Friday, April 6, 2018

Jacques Deniau dit Destaillis accused of illegally selling brandy to savages

Jacques Deniau dit Destaillis accused of illegally selling brandy to savages

This is one of those stories family historians hate to find…


Trial against JACQUES DENIAU DIT DESTAILLIS (7TH GREAT-GRANDFATHER - A VOYAGEUR), La Prairie de La Madeleine, accused of illegally selling brandy to savages, which led to the murder of TWO-YEAR-OLD PIERRE GAGNÉ by two unidentified savages.- February 22, 1719 - February 25, 1719.

This file of a criminal matter is composed of the following parts: the request to the effect that the name JACQUES DENIAU SAID DESTAILLIS, of Laprairie, sold water of life to two wild Iroquois, which, drunk, killed little PIERRE GAGNÉ (1ST COUSIN 8X REMOVED) on the way back to Sault-Saint-Louis; the request for the holding of a judicial inquiry; permission granted; order to assign 

WITNESSES; the assignments to the latter, including RENÉ BOURASSA (7TH GREAT-UNCLE), of Laprairie, aged 30; PIERRE PINSONNAULT (7th great-uncle), of Laprairie, 43 years old; Claude Bisaillon, of Laprairie, aged 24; GUILLAUME BARET DIT COURVILLE (7th great-grandfather), notary, 35 years old; and FRANÇOIS GAGNÉ DIT DAUBIGEON (8TH GREAT-UNCLE), 39 years old. The judicial information relating the facts surrounding the circumstances of the discovery of the death of the little Gagné complete the file.


Pierre Gagne (Gagnier) 1717–1719 (1st cousin 8x removed)
BIRTH JANVIER 1717 • La Prairie, Québec, Canada
DEATH 21 FÉVRIER 1719 • La Prairie, Québec, Canada
Son of Pierre Gagne (Gagnier) 1678–1756 (8th great-uncle) AND Madeleine Baudreau 1686–1771 (wife of 8th great-uncle)

THE REST OF THE STORY (found in ancestry (dot) com archives)

Au XVIII e siècle, les seigneurs rappelleront (...) la même interdiction (...) de vendre des boissons enivrantes aux Indiens. Défense d'autant plus rigoureuse depuis 1719 que trois Iroquois du Sault-Saint-Louis se sont enivrés chez Jacques Deneau à La Prairie et ont tué, en l'éventrant, le jeune fils de Pierre Gagné, âgé de deux ans. (...) Au sujet de l'affaire Gagné, un long interrogatoire (...) conclut à la culpabilité de Deneau et le condamne à 300 livres d'amende.


In the eighteenth century, the lords will recall (...) the same prohibition (...) to sell intoxicating drinks to the Indians. Defense so much more rigorous since 1719 that three Iroquois of Sault-Saint-Louis were intoxicated at Jacques Deneau's in La Prairie and killed, by the gutting, the young son of Pierre Gagné, two years old. (...) About the case Gagné, a long interrogation (...) CONCLUDES TO THE CULPABILITY OF DENEAU AND CONDEMNS HIM TO 300 POUNDS OF FINE.

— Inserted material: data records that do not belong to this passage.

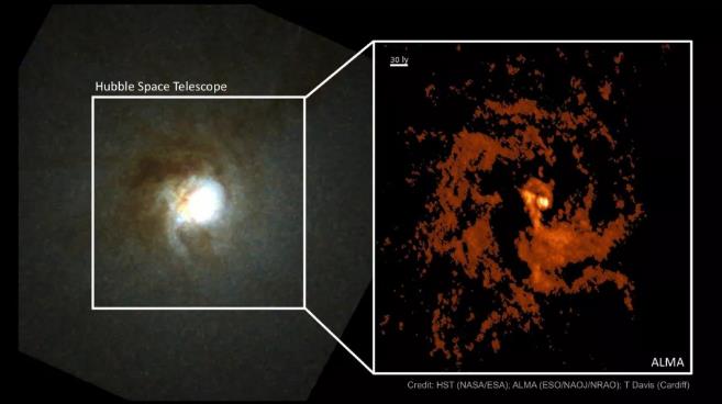 超大質(zhì)量黑洞(supermassive black hole,SMBH)的質(zhì)量范圍為太陽質(zhì)量的100萬至100億倍,此前并不清楚它們形成的原因。在一項發(fā)表于《皇家天文學(xué)會月刊》的文章中,科學(xué)家利用阿塔卡馬大型毫米波/亞毫米波陣列(ALMA), 在臨近的小星系NGC404的中心,觀察到了一個質(zhì)量低于100萬倍太陽質(zhì)量、迄今為止觀測到的最小的超大質(zhì)量黑洞。這一黑洞處于活躍狀態(tài),正在吸收周圍的氣體云。這一研究表明,較大質(zhì)量的超大質(zhì)量黑洞可能不由天體塌縮直接形成,而是會經(jīng)歷吸積增大的過程。
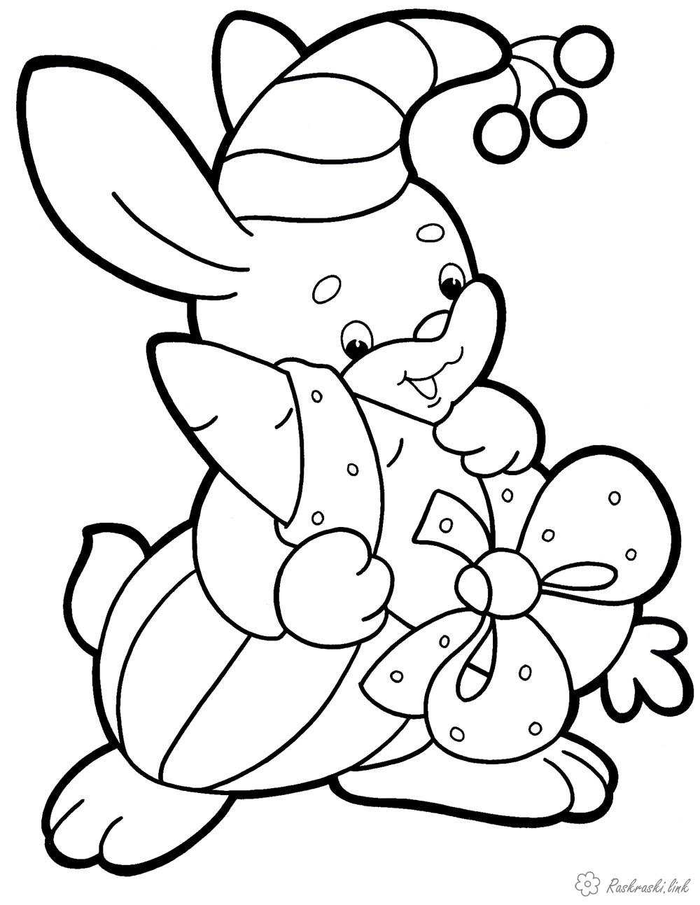 Розмальовка для дітей "Зайка з подарунком". Раскраска Дитяча новорічна розфарбування "Зайка з подарунком" завантажити бесплатно онлайн
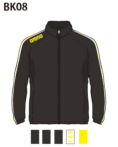 アリーナ カスタムオーダー受注生産 ウインドジャケット(ユニセックス)フード無しチームウエア OSS4JKU003-BK08 ベースカラー:ブラック
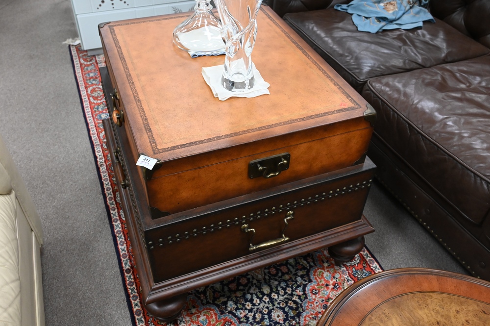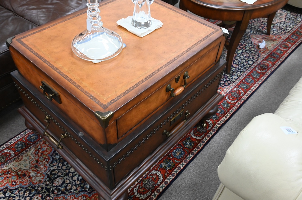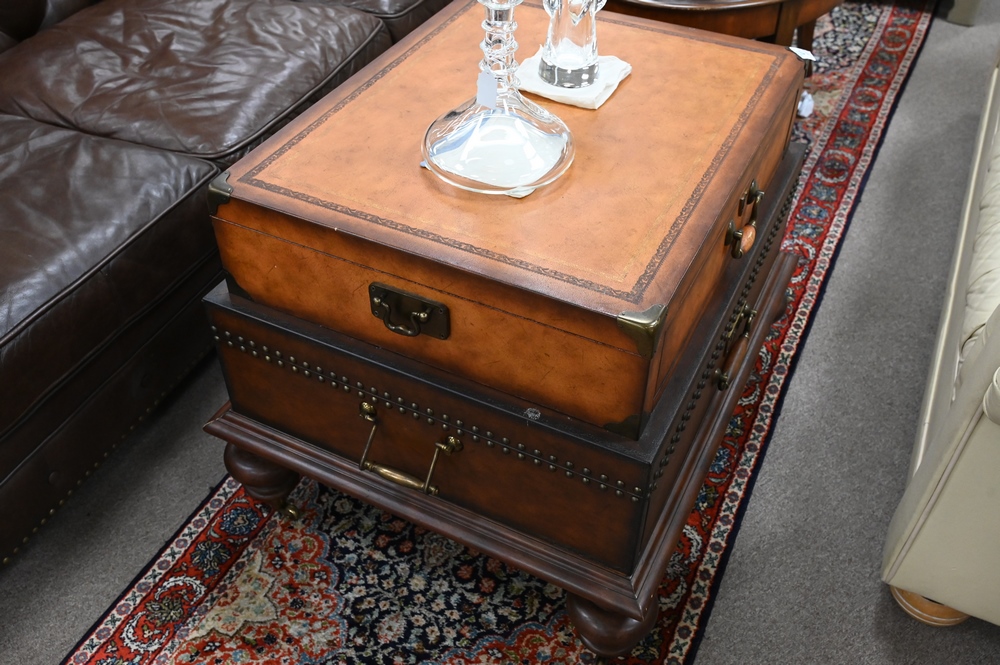 Lot 411: Contemporary Coffee Table, in the style of two faux suitcases with two drawers, height 24.5 inches, top 22″ x 27″.

NOTE: The original file from BAnQ Old Montreal includes 12 pages of handwritten documents.

I believe he was the son of Marin Deneau dit Destaillis (1621–1678) and Louise Therese LeBreuil (1636–1727); and the husband of Marie Rivet (1673–1705). His death date was 29 Jun 1720...  I wonder if the punishment might have been more severe than the ancestry record stated?